Hell and high water provisions are intended to ensure that rental is payable in all circumstances and are a common feature of lease financing in shipping where dependence on a rental income stream is key to the financing structure.

Olympic was of interest to the asset finance community as it called into question whether such commercially agreed terms might be challenged where the condition of the asset delivered was so poor as to be beyond economic repair, making it impossible for the lessee to perform the contract. In Olympic, the Lessee had tried to argue that there had been a total failure of consideration in failing to provide an airworthy asset but this argument was rejected by Teare J. It was determined that the obligation to pay rental and maintenance reserves remained intact because the Lessee has “irrevocably and unconditionally” accepted and leased the aircraft from the Lessor pursuant to the wording contained in the certificate of acceptance.

Whilst the case gives some comfort to lessors as to rental obligations of this nature being upheld, Olympic has nonetheless tested assumptions as to when such provisions might be challenged. In shipping a challenge is more likely to occur in the context of a time or voyage charter, where a shipowner will have ongoing obligations as to the maintenance and operation of the ship.

The “classic” common law test : is a ship seaworthy?

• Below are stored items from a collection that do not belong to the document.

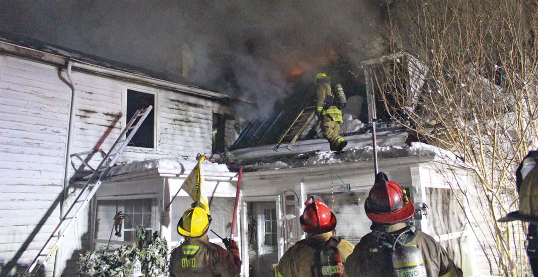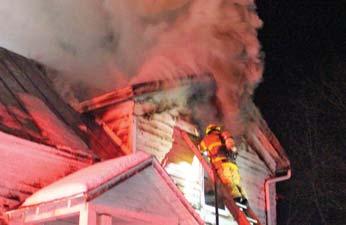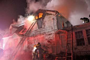 in the cockloft. An order was to back out was given and the fire was attacked with three lines to the second floor, knocking down the fire. Firefighters re-entered the second floor to pull the ceilings and walls and extinguish the fire in the cockloft. They were on site till about 0015 in below freezing temperatures.
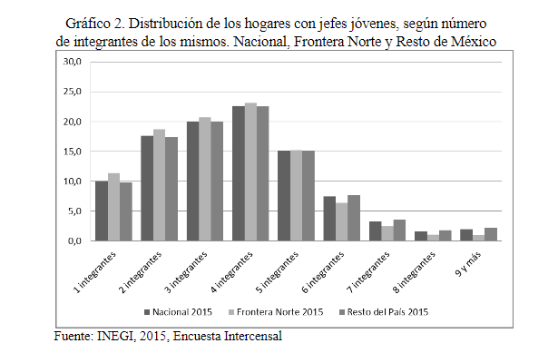 Fuente: Elaboración propia con datos de INEGI, Encuesta Intercensal 2015.Tamaño y estructura de los hogares con jóvenes en la frontera norte de México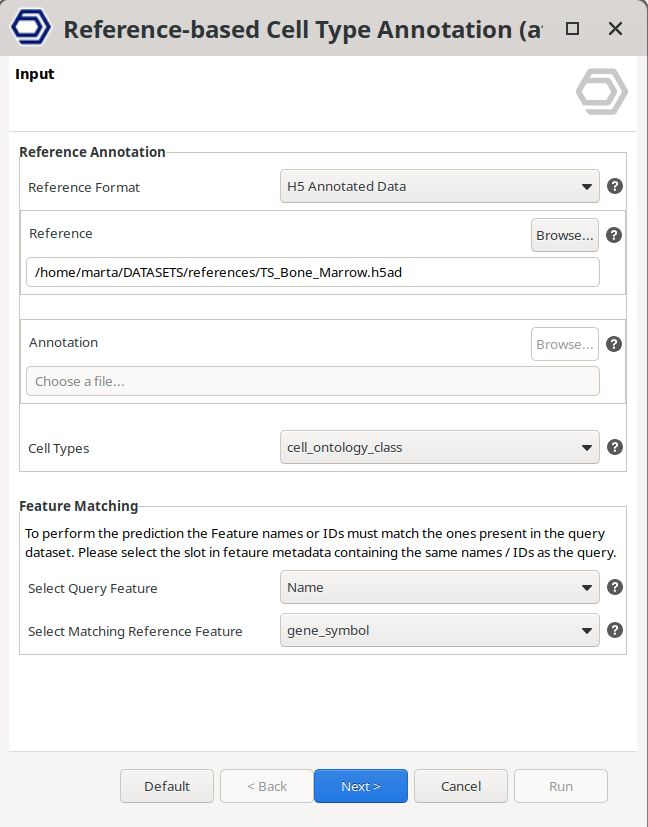 - Reference. Select here the single-cell annotated file.

The Olympic case was of interest to aviation financiers as the Court considered the meaning of “airworthiness” for the first time. In considering the meaning of “airworthy” the Court did not accept that the existence of a certificate of airworthiness was sufficient but relied on the classic test of seaworthiness being: “Would a prudent owner have required that the defect should be made good before sending his ship to sea, had he known of it. If he would the ship was not seaworthy?”1

The test is a reminder of the common law test when using the definition of “seaworthiness” in finance documentation. In a ship lease financing, a shipowner will typically confirm to the lessor that the ship is in a “seaworthy” condition on delivery of the ship. In turn, a shipowner will have an obligation to deliver the ship to a third party charterer in a seaworthy condition. In the next edition of Legalseas we will look at the meaning of “seaworthiness” in more detail and what this means in practice.

Conclusion

Overall the judgment in Olympic should not cause undue concern for the shipping finance community given that the facts of the case were quite unusual and specific to the parties involved. However there are some cautionary lessons that can be drawn from the judgment as illustrated above. As to the challenge to “hell and high water” rental obligations, the storm may have eased for the moment now but perhaps has not fully abated.